帰国直前に、ボツワナで過ごした日々について現役隊員からインタビューさせていただきました。
本記事では、環境教育隊員としてトロッケン県庁に派遣された伊藤きららさんのお話を紹介します。
早速ですが、伊藤さんの主な活動内容を教えてください。
調査・教育・開発の主に3つの軸で活動していました。
まず『調査』では、継続的なゴミの減量化とゴミ分別を目的とした廃棄物管理システムを開発することを目標に据え、1日にどれぐらい、どんなゴミが出ているのか調査しました。
『教育』では、地域住民に向けて環境教育を実施しました。はじめは大人へ授業をしていたのですが、次第に子どもへの教育にシフトしました。私は配属組織にとって初めて派遣されたボランティアだったこともあり環境教育が全く実施されていなかったので、0から始めました。
最後の『開発』では、ゴミ分別を目的とした地域住民共用のゴミ置き場の建設を企画しました。残念ながら私の派遣中には完成しませんでしたが、現在建設中です。
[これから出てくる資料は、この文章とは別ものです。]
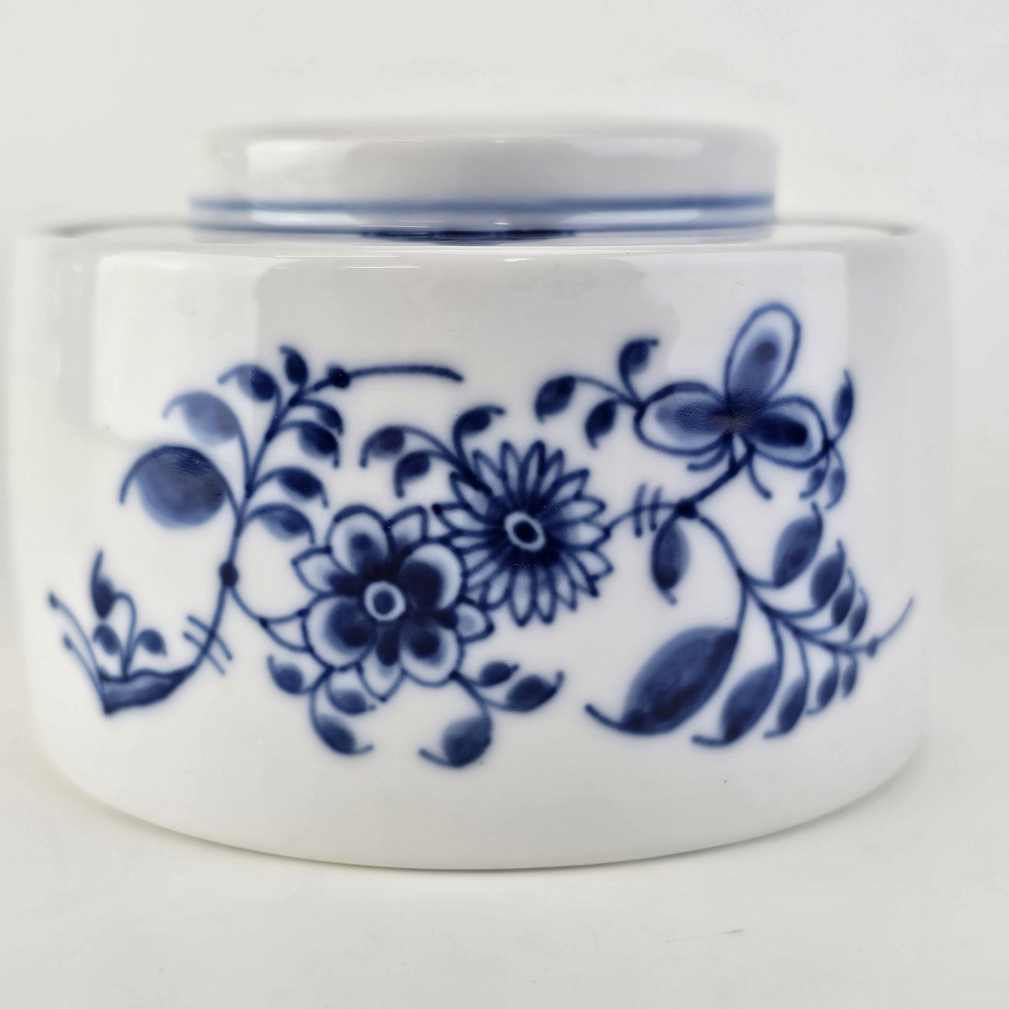 Lågkrukke i kongeligt hvidt porcelæn med musselmalet dekoration

2年間を通して、ボツワナ国内の他の隊員と協力する機会も多くありました。クリーンアップキャンペーンと題してゴミ収集のキャンペーンを実施したり、他の隊員の配属先で出前授業を実施しました。
これまでのキャリアと、環境教育を選んだ理由を教えていただけますか?
環境問題について、学生時代から開発途上国を訪れる中で強い関心を持ち、意識的に取り組んでいましたが、元々、文系だったので学問として取り組むことはなかったもののずっと自分の力で貢献したいという思いがありました。
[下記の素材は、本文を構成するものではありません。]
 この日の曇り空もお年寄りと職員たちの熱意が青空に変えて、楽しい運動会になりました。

一度目に派遣された*コスタリカに行く前は人材系の会社でコーディネーターとして働いていたのですが、自分の中でずっと国際協力の現場で環境問題に取り組みたいという気持ちがあり、思い切って退職して協力隊に挑戦しました。
*伊藤さんは2019年4月からコスタリカに派遣後、2020年3月に新型コロナ流行に伴い帰国。2022年7月より任国を変えボツワナに派遣された。
活動する上で直面した困難や、それを乗り越えた方法があれば教えてください。
派遣された当初は地域住民、大人に向けて環境教育をしていましたが「ゴミの分別をしたらお金を貰えるのか?」と言われるばかりでした。まずは配属先のカウンシルの職員にゴミ分別の方法を指導しようとした際にも、お金を貰えないなら取り組みたくないという人が多かったです。そもそも子どもの頃にゴミ分別やポイ捨てについて学んでいないので、大人になってから意識を変えることは非常に難しいです。
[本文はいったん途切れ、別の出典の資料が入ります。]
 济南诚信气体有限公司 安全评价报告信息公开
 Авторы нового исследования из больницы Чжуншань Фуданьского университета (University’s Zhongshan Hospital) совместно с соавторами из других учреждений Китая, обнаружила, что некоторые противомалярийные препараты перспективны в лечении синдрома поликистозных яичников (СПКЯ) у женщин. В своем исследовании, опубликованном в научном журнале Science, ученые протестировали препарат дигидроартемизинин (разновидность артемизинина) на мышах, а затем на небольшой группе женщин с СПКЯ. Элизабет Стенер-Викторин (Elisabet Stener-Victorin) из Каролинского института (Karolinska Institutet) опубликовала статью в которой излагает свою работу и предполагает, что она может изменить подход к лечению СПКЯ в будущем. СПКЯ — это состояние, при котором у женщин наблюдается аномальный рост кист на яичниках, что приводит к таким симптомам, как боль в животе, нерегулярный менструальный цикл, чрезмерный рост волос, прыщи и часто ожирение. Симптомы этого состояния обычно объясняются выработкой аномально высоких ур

そこで、子どもへの環境教育にシフトすることに決めました。
しかし、学校で環境教育を始めた際、いざ学校で分別表記のついたゴミ箱を置いても意味がなかったのです。教育がまだ行き届いてないので、ゴミ箱を設置しても結局どのゴミもごちゃ混ぜにされてしまいました。
それにより本来の用途として設置するのではなく、授業の中で敎育用として使用することに決めました。
ボツワナに来てよかったと思う瞬間、出来事はありますか?
トラブルによりしばらく配属先に行けなかった時期があり、しばらくぶりの活動に少し緊張していた日がありました。そんな中、同僚たちは無邪気な笑顔で「おかえり!」と迎えてくれたんです。優しい人たちだなと改めて感じました。
またボツワナ人たちはみんな、月曜日に出勤しても朝から笑顔なんですよね。そんなところも素敵だなと思います。
帰国後のプランを教えてください。
環境問題について専門的に学びたいと思い、環境系の人材育成プログラムやフィールドワークの運営、自治体に政策提言を実施する環境NGOで勤務する予定です。
そして、来年からは環境マネジメント学の研究のため大学院への進学を検討しています。
これから協力隊に参加する隊員や応募を考える方へのメッセージ、アドバイスをお願いします!
不安を恐れずに挑戦してみてください、絶対に世界が広がります。
私はサブサハラ以南のアフリカを旅行したことがなく、協力隊として初めてこの地域に来ました。
日本とはもちろん全く文化が違って、日本にいるだけではわからない、日本の良いところも悪いところも両方見えてきます。自分の価値観も変わり、かけがえないの無い一生もののたくさんの出逢いがありました。ボツワナに来て本当によかったと思います。
2年間は長いです。活動しなきゃ、何かやらなきゃと思ってついエンジン全開にしがちですが、ペース配分が大切です。何もしていないような感じても、実際は居るだけで小さな変化をもたらしているので、焦らず自分のペースを大切に活動してみてください。